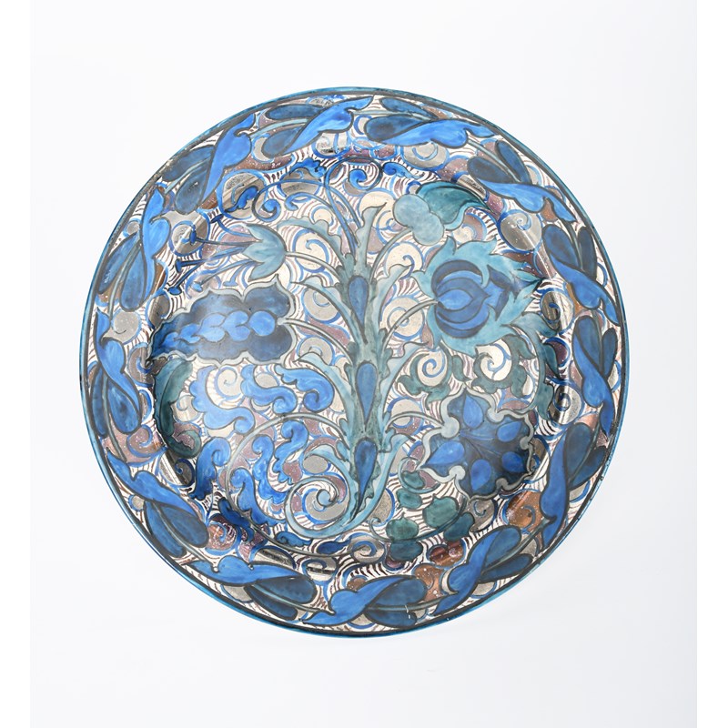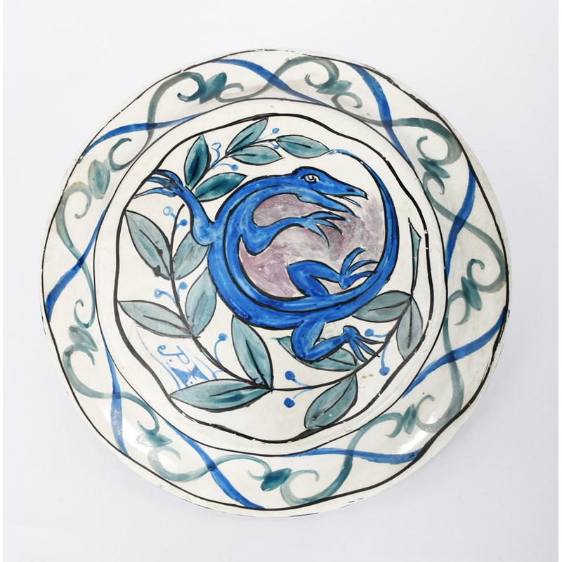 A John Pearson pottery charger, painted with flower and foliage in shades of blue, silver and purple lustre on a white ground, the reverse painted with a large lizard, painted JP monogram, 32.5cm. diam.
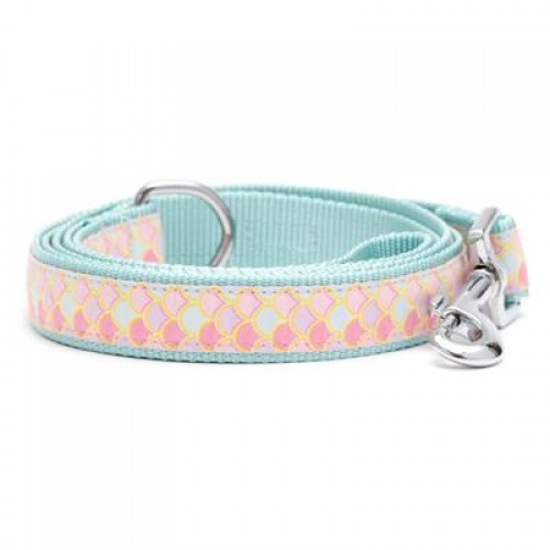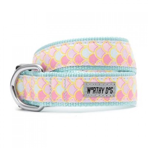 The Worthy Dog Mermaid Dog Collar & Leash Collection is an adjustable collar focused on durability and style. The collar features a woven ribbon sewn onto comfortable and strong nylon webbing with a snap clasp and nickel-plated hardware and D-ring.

⁂

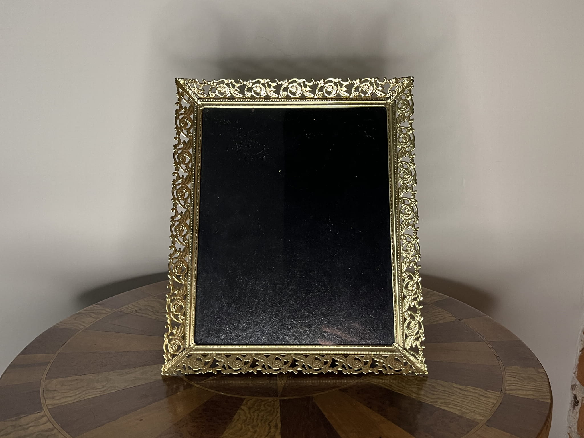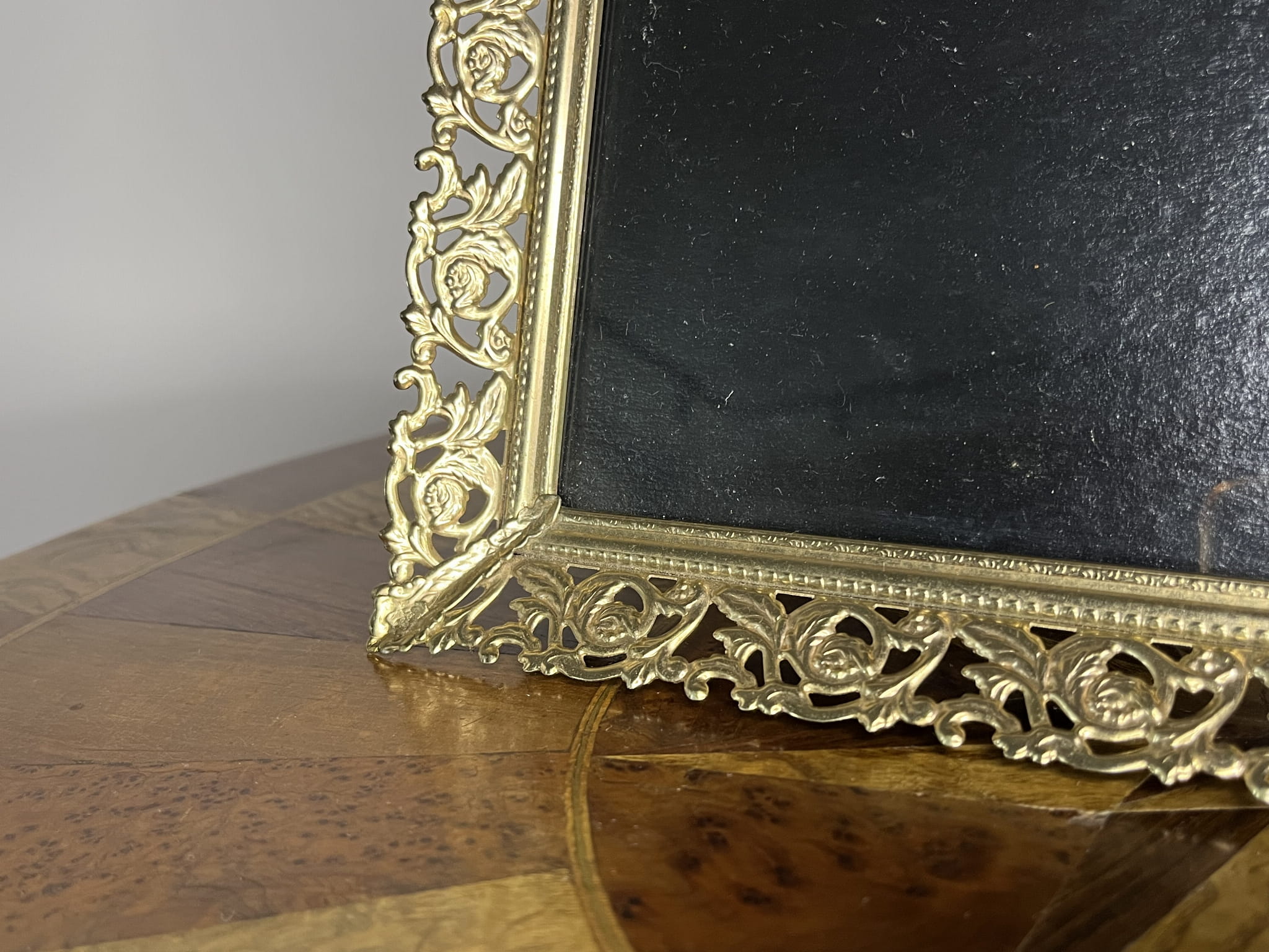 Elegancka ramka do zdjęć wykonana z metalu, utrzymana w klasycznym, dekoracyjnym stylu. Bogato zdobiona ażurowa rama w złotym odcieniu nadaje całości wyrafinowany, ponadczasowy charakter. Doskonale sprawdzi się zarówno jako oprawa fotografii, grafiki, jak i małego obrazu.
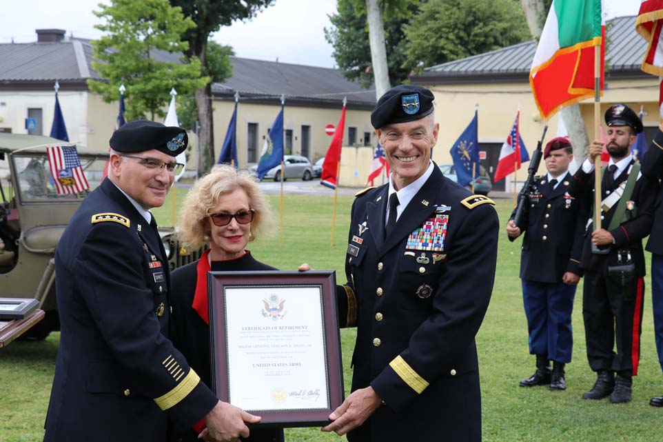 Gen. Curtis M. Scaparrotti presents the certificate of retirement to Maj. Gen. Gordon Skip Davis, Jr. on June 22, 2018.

⁂

Look above for the line with "Elegancka ramka do", then give again exactly every line from there through the line with "Gen. Curtis M.", skipping the pictures.

Answer =>
 Elegancka ramka do zdjęć wykonana z metalu, utrzymana w klasycznym, dekoracyjnym stylu. Bogato zdobiona ażurowa rama w złotym odcieniu nadaje całości wyrafinowany, ponadczasowy charakter. Doskonale sprawdzi się zarówno jako oprawa fotografii, grafiki, jak i małego obrazu.
 Gen. Curtis M. Scaparrotti presents the certificate of retirement to Maj. Gen. Gordon Skip Davis, Jr. on June 22, 2018.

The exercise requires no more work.